What the task requires:
All pictures must be left out as you transcribe the lines from the first line of the data to the line containing "решению актуальной проблемы", both included.

-----

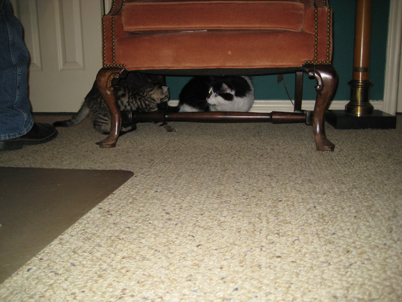 Lucky and Tyger playing under the chair.
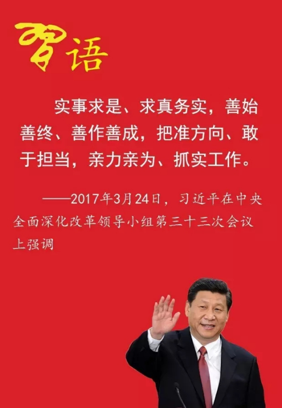 习近平3月24日上午主持召开中央全面深化改革领导小组第三十三次会议并发表重要讲话。他强调,各级主要负责同志要自觉从全局高度谋划推进改革,做到实事求是、求真务实,善始善终、善作善成,把准方向、敢于担当,亲力亲为、抓实工作。
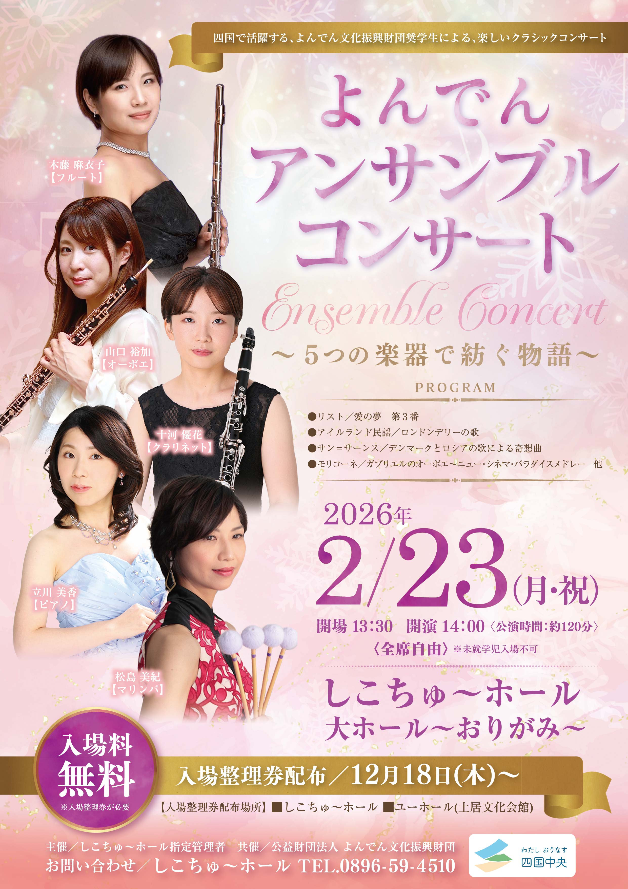 四国で活躍する、よんでん文化振興財団の奨学生たちが贈る、とっておきのクラシックコンサートを開催いたします。
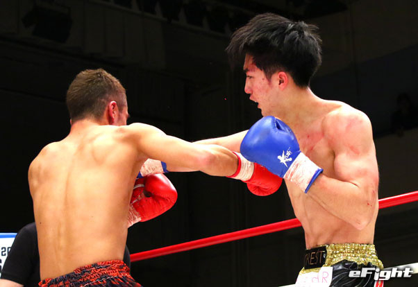 今年3月、右ストレートで2度ダウンを奪い西京佑馬(右)が王座奪取
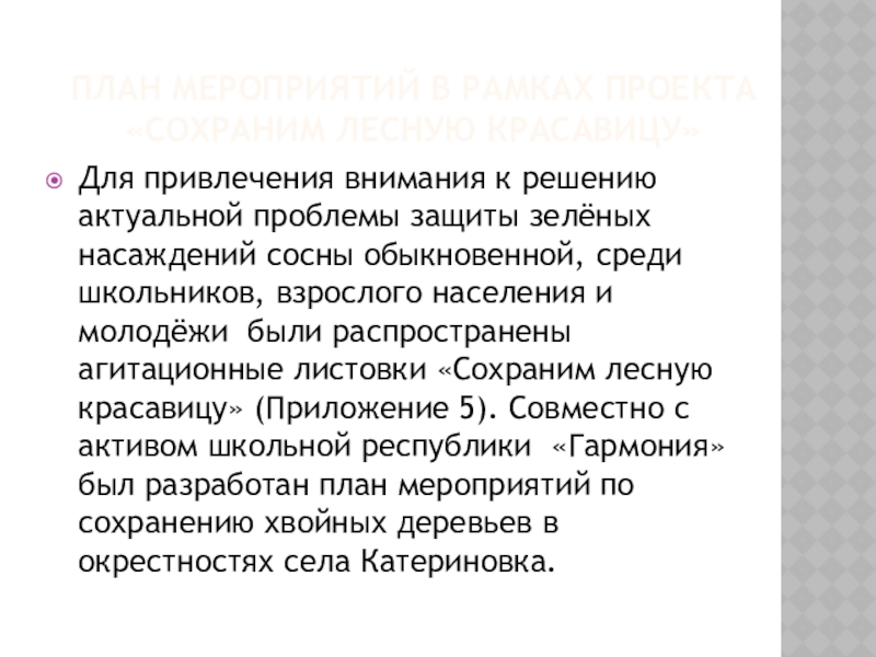 решению актуальной проблемы защиты зелёных насаждений сосны обыкновенной, среди школьников, взрослого населения и молодёжи были распространены агитационные листовки «Сохраним лесную красавицу» (Приложение 5). Совместно с активом школьной республики «Гармония» был разработан план мероприятий по сохранению хвойных деревьев в окрестностях села Катериновка.
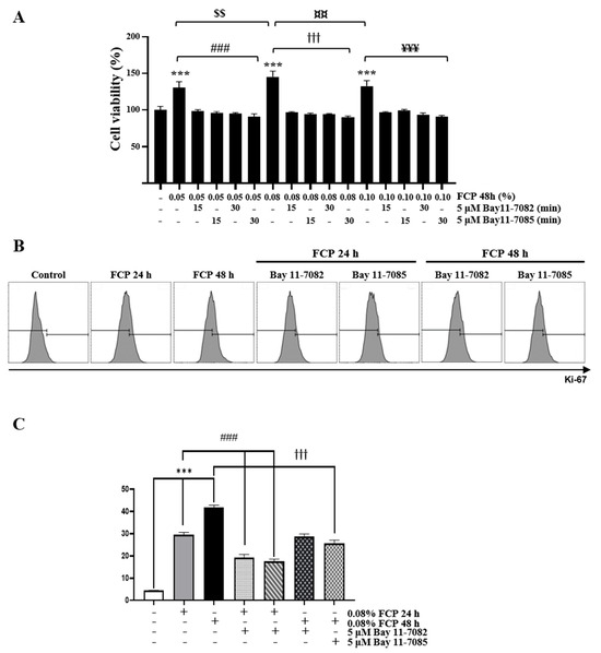 Next, a CCK-8 cell proliferation assay was used to evaluate the ability of FCPs to facilitate cell proliferation. The treatment of TECs with FCPs for 48 h significantly promoted cell proliferation at concentrations of 0.05%, 0.08%, and 0.1% by 30.5% (p < 0.001), 45.4% (p < 0.001), 32.7% (p < 0.001), respectively, compared with the control (Figure 3A). To determine whether FCP-mediated TEC proliferation could be regulated by NF-κB signaling pathways, the TECs were stimulated with 0.05%, 0.08%, and 0.1% FCP for 48 h with or without Bay 11-7082 and Bay 11-7085. Consequently, based on the CCK-8 assay results, we found that FCP-induced cell proliferation was completely abolished by 5 µM Bay 11-7082- and Bay 11-7085-mediated NF-κB signaling inhibition (Figure 3A). In consistence with this finding, we also observed that the expression of Ki-67 in TECs by flow cytometry following incubation with 0.08% FCP for 24 and 48 h was increased by 6.7-fold (p < 0.001) and 9.4-fold (p < 0.001), respectively, whereas this FCP-induced increase in Ki-67 expression was effectively abrogated by the treatment with 5 µM of both Bay 11-7082 and Bay 11-7085 (Figure 3B). Taken together, these results confirmed that FCPs trigger cell proliferation through the NF-κB signaling pathway in TECs.
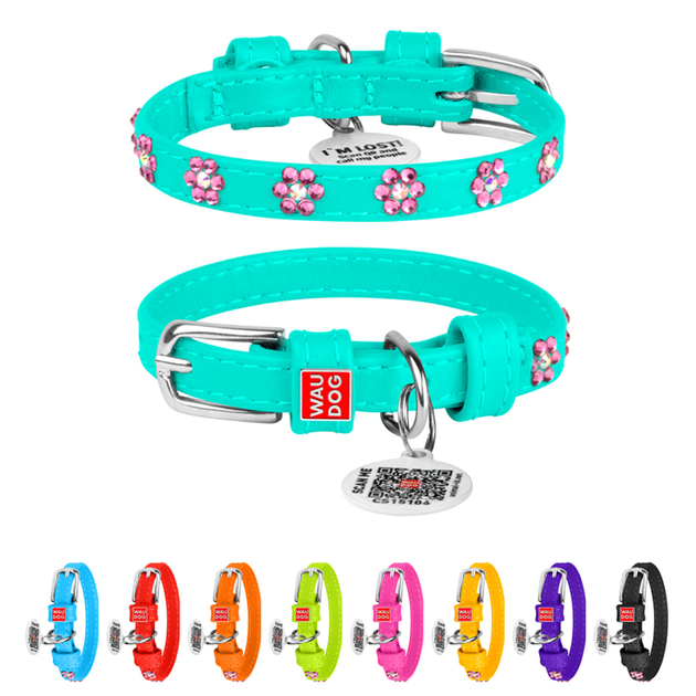 Нашийник для собак шкіряний WAUDOG Glamour з QR паспортом, з клейовими стразами "Квіти", Ш 9 мм, Дов 19-25 см ментоловий
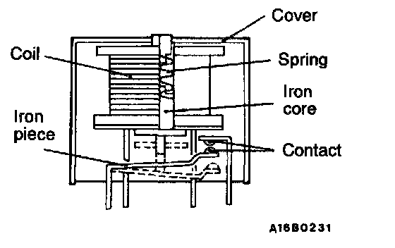 1. When current flows through the coil of a relay, its core is magnetized to attract the iron piece, closing (ON) the contact at the tip of the iron piece. When the coil current is turned OFF, the iron piece returns to its original position by a spring, opening the contact (OFF).
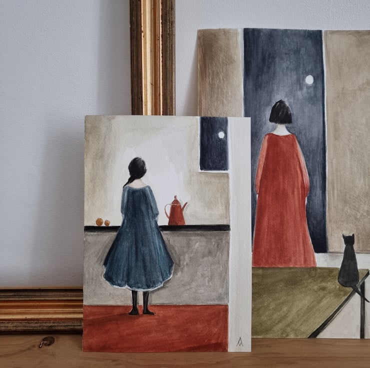 A sweet little original illustration painted on textured watercolour paper - size A5 (15 x21cm). I use professional paints & papers for my work and wrap each piece with care in strong packaging. I aim to dispatch within 3 days and tracking is included. Thank you so much for looking :)
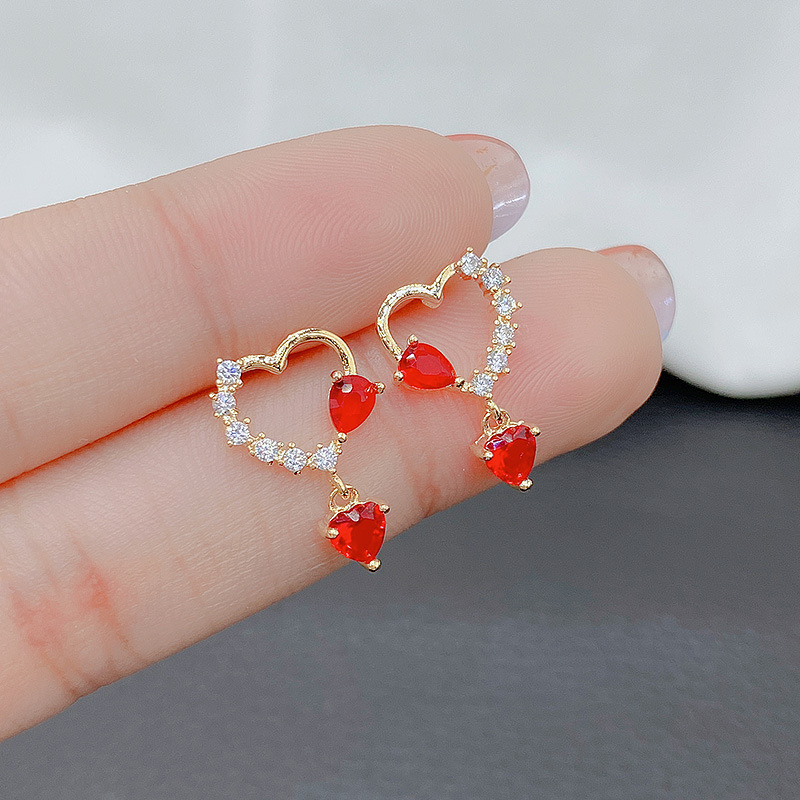 赤い愛のイヤリング桃心耳飾りS925純銀針ピアス水滴個性韓国気質洗練された新しいスタイル

-----

Completed exercise:
 Lucky and Tyger playing under the chair.
 习近平3月24日上午主持召开中央全面深化改革领导小组第三十三次会议并发表重要讲话。他强调,各级主要负责同志要自觉从全局高度谋划推进改革,做到实事求是、求真务实,善始善终、善作善成,把准方向、敢于担当,亲力亲为、抓实工作。
 四国で活躍する、よんでん文化振興財団の奨学生たちが贈る、とっておきのクラシックコンサートを開催いたします。
 今年3月、右ストレートで2度ダウンを奪い西京佑馬(右)が王座奪取
 решению актуальной проблемы защиты зелёных насаждений сосны обыкновенной, среди школьников, взрослого населения и молодёжи были распространены агитационные листовки «Сохраним лесную красавицу» (Приложение 5). Совместно с активом школьной республики «Гармония» был разработан план мероприятий по сохранению хвойных деревьев в окрестностях села Катериновка.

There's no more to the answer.